In the current study, a systematic approach was made to evaluate functional annotations across the entire set of protein structures in the PDB. Protein attributes were assembled from the PSI Structural Biology Knowledgebase (SBKB) [23] and other open biological databases. These attributes were examined with regard to their presence in a group of structures that had a given GO term annotation versus structures those that were not assigned with that GO term. The Adaboost classification algorithm, as implemented within the icsiBoost program, was used to identify those protein attributes that differed between the two groups and created classification models [24, 25]. The classification models that were created for all of the GO terms were evaluated against all of the structures in the PDB. As examples of the utility of the predictions made, a review was done for predictions made for protein structures labeled in the PDB as unknown function.

Materials and methods

Assembly of protein attributes

The assembly of protein attributes for each protein structural chain in the PDB was divided into three automated steps: data download, parsing, and integration. The computer programs for the analysis were written in Python, and there were supplementary scripts written in BASH shell and SQL. A list of the programs and their utilities are given in the supplemental data and are available upon request. Downloaded data file formats included csv, tsv, XML, owl, sdf and txt files. The time stamp for the current releases from each data source was 1 Sep 2010.

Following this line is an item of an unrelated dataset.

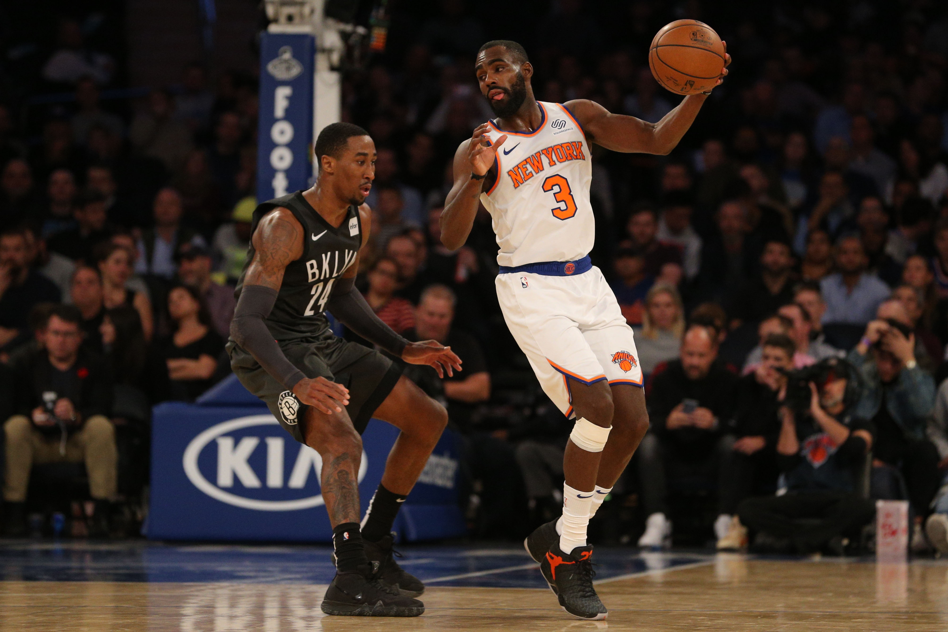 Oct 29, 2018; New York, NY, USA; New York Knicks guard Tim Hardaway Jr. (3) controls the ball against Brooklyn Nets forward Rondae Hollis-Jefferson (24) during the fourth quarter at Madison Square Garden. Mandatory Credit: Brad Penner-USA TODAY Sports / Brad Penner

The following protein attributes were assembled. Cellular and biochemical pathway assignments were extracted from BioCyc [26], CellMap [27], HumanCyc [27], INOH [28], and the NCI Pathway Interaction Database (PID) [29]. Small molecule associations were obtained from BioCyc, BindingDB [30], HumanCyc, DrugBank [31], ChEBI [32], ChEMBL [33], and SMPDB [34]. A common nomenclature for the small molecules called the InChIKey was used, where available, across the small molecules resources of ChEBI, DrugBank, ChEMBL, and SMPDB. The resources SNPs3D and MIM provided disease associations of the protein structures [3537]. Molecular functions, biological processes, cellular locations were based on the Gene Ontology classification system as assigned in SIFTS [38]. Enzyme classifications were as assigned as in the EC2PDB database [11, 39]. Structural domains were identified according to the databases CATH [40] and SCOP [41]. Sequences domain assignments were identified through the Pfam resource [42].

Groups of structurally related proteins were found based on the jFatCat alignment algorithm [43, 44]. At the time of download of precomputed jFatCat structural comparisons as available from the PDB, there were 18,590 groups of structures that corresponded to the number sequence clusters that had more than 40% identity in sequence. The precomputed structural comparisons had been done in an all-versus-all fashion across the representatives from the sequence clusters. To estimate the probability of structural similarity, a Bonferroni correction was made that divided a normally acceptable threshold P value of 0.01 for a single comparison by the total number of comparisons. That gave a P value threshold to detect significant structural similarity of 5.37 × 10−7. All structures below that threshold were kept in the structural comparison group, and the name of each group was based on the name of the structural representative of that group. The FEATURE resource provided predictions of functional sites within the protein structures [45]. The prediction models of FEATURE were run against all the structures in PDB. A given functional site was assigned to a given structure if the structural similarity of the model to the structure was higher than a threshold value of similarity at which the model had more than 99% specificity.

Dataset generation

GO term classification was done on the protein structure chain level for all protein structural chains in the PDB. Representative chains were selected from groups of amino acid sequences that were exact matches and 100% identical. A study by Devos et al. [46] demonstrated that proteins with higher than 95% sequence identity can vary with regard to their annotations. Representatives at 100% sequence identity were used here to limit the loss of different strings of annotations associated with the structures when classification models were created. Of the total of 155,269 sequences chains in the PDB that had counterparts available as three dimensional structures, 45,803 nonidentical representative chains were selected. Gene ontology term assignments for these representative chains were found in an automated manner. The assignments were based on correspondences between Pfam domains and GO terms as available from the Pfam resource. If a protein structural chain had a given Pfam domain, it was associated with the corresponding GO term.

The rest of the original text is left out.